Удар по ноге и вой! С колотящимся сердцем Римма вскочила. На диване между ней и Олей стояла на четвереньках Алдона и вопила: «Баба Оля!» В спальне орал Петя. Прибежал Алик: «Ты что творишь, малахольная!» Сдёрнул девчонку за подмышки с дивана: «Бабушек передавишь!» Побежал в спальню успокаивать Петю. Глядя ему вслед, Алдона сказала: «Модные у деда Алика труселя, боксерс. Надо такие деду Пете купить», Римма рухнула назад на диван и захохотала. Оля тоже хохотала, выговаривая сквозь смех: «Наконец-то я дома!» А Римма ей вторила: «Алдона, в наши времена они назывались семейные!»
Оля прилетела внезапно, никого не предупредив. Вернулась уже после полуночи, когда все спали. Римма попеняла, что не предупредила, они бы с Аликом встретили, отвезли и уехали домой. Оля отмахнулась: «Что мы, вдвоём на диване не поместимся?»
После завтрака и раздачи сувениров Алдона с Петей надели подаренные тельняшки и отправились во двор форсить. Римма сказала: «Всё, давай рассказывай, пока кто-нибудь не пришёл». Оля кивнула: «Да, дела… я ведь родную племянницу повидала… и внучатую племянницу. А вот ничего к ним не чувствую! В общем, это я бы назвала дурацкой историей, если бы речь шла не о моих родителях».

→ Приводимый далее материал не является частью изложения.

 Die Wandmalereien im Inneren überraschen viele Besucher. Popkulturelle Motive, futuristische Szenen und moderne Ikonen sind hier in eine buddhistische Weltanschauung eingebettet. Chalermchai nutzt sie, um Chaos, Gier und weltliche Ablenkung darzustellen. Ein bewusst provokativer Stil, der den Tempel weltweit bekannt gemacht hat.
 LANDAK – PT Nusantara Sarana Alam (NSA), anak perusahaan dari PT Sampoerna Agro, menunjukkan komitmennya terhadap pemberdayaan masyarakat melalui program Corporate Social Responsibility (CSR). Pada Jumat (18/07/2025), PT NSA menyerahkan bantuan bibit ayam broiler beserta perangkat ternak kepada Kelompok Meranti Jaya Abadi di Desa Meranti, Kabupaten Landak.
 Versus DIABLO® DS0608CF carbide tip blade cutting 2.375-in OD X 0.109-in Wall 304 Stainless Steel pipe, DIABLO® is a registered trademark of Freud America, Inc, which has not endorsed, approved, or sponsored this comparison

Когда Оля вошла в квартиру Екатерины Андреевны, её прежде всего поразило застывшее в ней время. Ничего не изменилось за последние сорок лет. Да и раньше, когда она была маленькой, и это был её мир, тут ничего не менялось. Потом она поднялась на второй этаж, где прежде жила её семья, а теперь жила Валина дочь с очередным мужем и дочерью от первого брака, девочкой, как теперь говорят, с особенностями в развитии. И тут было всё то же, даже мебель осталась мамина, вернее, та, что стояла здесь ещё при немецких владельцах дома. С соседкой ей удалось поговорить. Она была в ясной памяти и умерла на следующий день. Вот вкратце то, что она рассказала.

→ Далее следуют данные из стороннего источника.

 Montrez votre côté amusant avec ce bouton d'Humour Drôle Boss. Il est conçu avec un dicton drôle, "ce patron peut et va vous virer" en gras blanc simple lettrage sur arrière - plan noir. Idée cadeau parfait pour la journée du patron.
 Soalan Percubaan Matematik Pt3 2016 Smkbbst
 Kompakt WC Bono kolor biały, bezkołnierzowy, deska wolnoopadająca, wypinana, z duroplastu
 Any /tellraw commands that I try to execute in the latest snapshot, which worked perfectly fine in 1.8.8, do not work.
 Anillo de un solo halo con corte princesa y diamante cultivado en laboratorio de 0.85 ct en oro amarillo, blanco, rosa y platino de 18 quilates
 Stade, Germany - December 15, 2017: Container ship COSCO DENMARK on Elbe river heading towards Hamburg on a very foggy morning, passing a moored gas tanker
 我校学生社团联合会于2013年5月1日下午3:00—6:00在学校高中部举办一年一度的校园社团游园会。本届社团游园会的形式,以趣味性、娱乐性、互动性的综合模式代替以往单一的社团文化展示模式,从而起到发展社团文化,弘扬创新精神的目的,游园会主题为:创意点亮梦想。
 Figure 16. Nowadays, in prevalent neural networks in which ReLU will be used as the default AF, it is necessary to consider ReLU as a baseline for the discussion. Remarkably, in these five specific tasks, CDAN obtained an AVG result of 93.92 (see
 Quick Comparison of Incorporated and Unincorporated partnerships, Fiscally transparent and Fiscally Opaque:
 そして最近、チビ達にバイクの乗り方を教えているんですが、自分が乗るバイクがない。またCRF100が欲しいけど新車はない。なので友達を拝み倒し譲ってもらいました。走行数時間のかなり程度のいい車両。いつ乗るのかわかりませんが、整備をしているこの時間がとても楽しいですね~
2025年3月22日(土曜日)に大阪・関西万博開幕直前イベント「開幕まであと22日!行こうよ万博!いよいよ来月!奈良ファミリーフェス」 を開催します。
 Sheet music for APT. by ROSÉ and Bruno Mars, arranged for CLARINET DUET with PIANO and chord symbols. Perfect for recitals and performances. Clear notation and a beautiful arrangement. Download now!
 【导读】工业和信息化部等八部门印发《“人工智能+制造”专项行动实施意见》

Оля всю жизнь считала, что мама и бабушка были узницами концлагеря. Когда-то слышала об этом, но больше никогда не переспрашивала. Оказалось, что это не так. Перед войной Олина мама закончила семилетку и собиралась поступать в техникум. Но после оккупации их угнали в Кенигсберг, в арбайтсамт, где богатые фрау выбирали себе рабов. К счастью, девочку с матерью не разлучили, и три года они работали в имении, занимаясь привычной деревенской работой: в поле, на ферме. Жизнь была голодной и бесправной, но, по крайней мере, выжили. На недолгое время они оказались в концлагере после освобождения, но это было просто временное жильё, пока их проверяли и оформляли документы. Там кормили, ворота были открыты, они свободно выходили и возвращались. В комендатуре дневальный признал в матери землячку, которой страшно обрадовался. Он рассказал, что их деревня Полюны полностью разрушена, и возвращаться некуда. Он же посоветовал остаться в Истербурге и пристроил женщин в строительную бригаду. Через несколько лет девушка даже поступила заочно в строительный техникум. А потом познакомилась с Иваном Быкадиновым и вышла за него замуж. Он после демобилизации тоже не стал возвращаться в родной Воронеж, потому что его жена и двое сыновей погибли под бомбёжкой. Родилась Оля. Может быть, жизнь семьи сложилась бы иначе, не появись у них новая соседка.
Юную Екатерину Андреевну после педагогического техникума направили в Черняховск. Квартиру ей дали. И сразу она влюбилась в видного соседа. Сначала только таращила на него свои чёрные глазищи. Потом стала его навязчиво преследовать. Мужик слаб, и Иван стал иной раз захаживать к соседке. Когда Катя забеременела, она объявила об этом Ивану и потребовала, чтобы он расстался с женой. Но он об этом и думать не хотел! Начались скандалы. Причём, что удивительно, истерики закатывала юная учительница, а грубая бригадирша строителей только сжимала зубы. Несколько месяцев продолжался этот ад, потом сказала она мужу: «Уходи!» И он уехал на родину в Воронеж, и больше вестей не подавал. То есть это семья так считала. На самом деле, было письмо, которое перехватила ревнивая Катя. Спустя 60 с лишним лет она вручила это письмо дочери адресата. А мама Оли до самой смерти сохраняла с соседкой приятельские отношения, всячески подталкивая дочь к дружбе с единокровной сестрой.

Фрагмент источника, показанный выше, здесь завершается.